Published: 04 Feb, 2025
Category Coursework Subject Programming
University university of east Anglia Module Title ECO-7026A Programming and Analytics for Behavioural Economists

Instructions

The TOTAL number of marks available for the paper is 100 MARKS. There are two questions, with marks as indicated.

Assessment Task: Scientific replicability and the efficiency of prediction markets

An important part of scientific progress is the ability of researchers to replicate the results of experiments reported by others. Experiments may produce “false positives,” either simply because of random chance, or because of uncontrolled variables, poor experimental technique or accidents, or even, in some cases, outright fraud.

This problem has received special attention in recent years in the social sciences – in particular psychology and behavioural economics. Because of this, it is rational that, when a researcher reads a paper presenting a new finding, they in general will not have 100% confidence that the result is actually true and not just a false positive. It would be very interesting to aggregate this information to come up with an overall assessment of which results are likely to stand up to further scrutiny.

 Enter markets. The efficient market hypothesis suggests that markets can be quite good at aggregating private information. There is a long history of the use of “prediction markets” for doing just this. For example, many times the long-running Iowa Electronic Markets, as well as other commercial exchanges, do a better job of predicting election outcomes than polls.

Prediction markets were used to predict the successful (or unsuccessful) replication of psychology experiments in a paper, “Using prediction markets to estimate the reproducibility of scientific research,” by Dreber et al in Proceedings of the National Academy of Science in 2015. The article is available at https://www.pnas.org/doi/epdf/10.1073/pnas.1516179112, and as part of the background for this task you should read it carefully. It is not especially technical. 

Further, pay close attention to the “Materials and Methods” section as it explains important details about the data you will be working with.

You will be working with the data from this paper in this assessment. We have provided the data as a separate archive file which you will find alongside this assessment brief. The file contains the data as published by the authors of this paper, including their README file which explains the data. We will supplement this documentation with some additional notes and hints in the description of the two tasks.

Task One

In Task One, you will reproduce some of the data and findings of the paper. The file data4Rmerged_final_20151027.csv contains some summarised statistics for the hypotheses tested in the replications.

  1. Reproduce the aggregate values for Market price, Survey result, Number Of Trades, and Vol. You will do this by using the other four files provided, which contain, respectively, the results of the survey of the participants, and the trades made in each of the markets.
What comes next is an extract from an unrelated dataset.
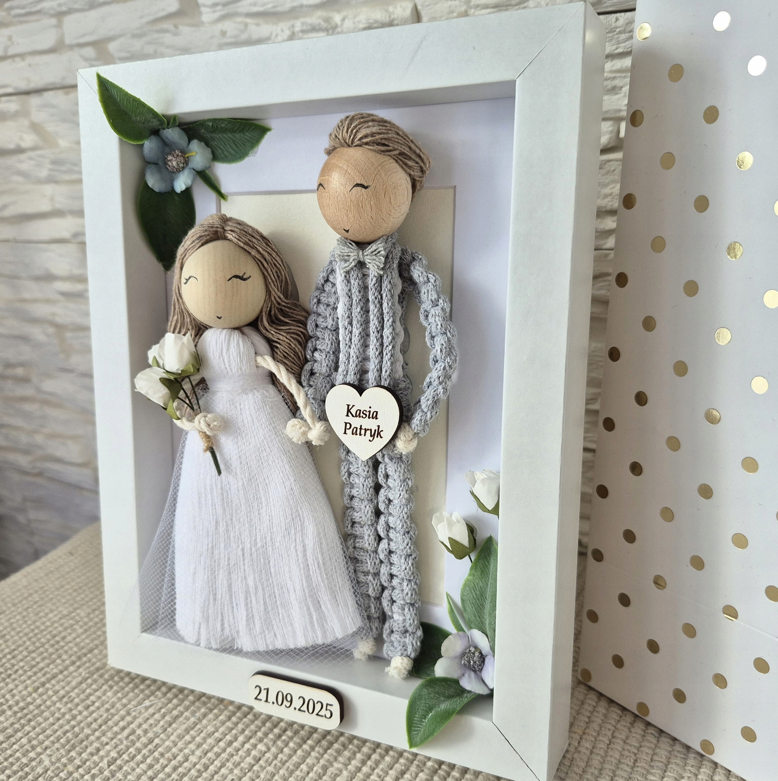 Красивая 3D -рамка глубоко с куклами Macram, парой молодых людей h2>

Note that you do not have to reproduce the “weighted” survey result.
  2.  Produce a “nice” figure which is similar to the one in the paper as Figure 1. Try to replicate as many of the attributes of the figure as you can in terms of its content – but you do not need to match exactly its layout, colours, and so on. To accomplish these tasks, you will do the same types of steps as we have done in the workshop units and you already have done in Assessment 1. The important difference between this and Assessment 1 is that in Assessment 1 you were guided step-by-step what to do – now you will have to figure out what steps to do in what order!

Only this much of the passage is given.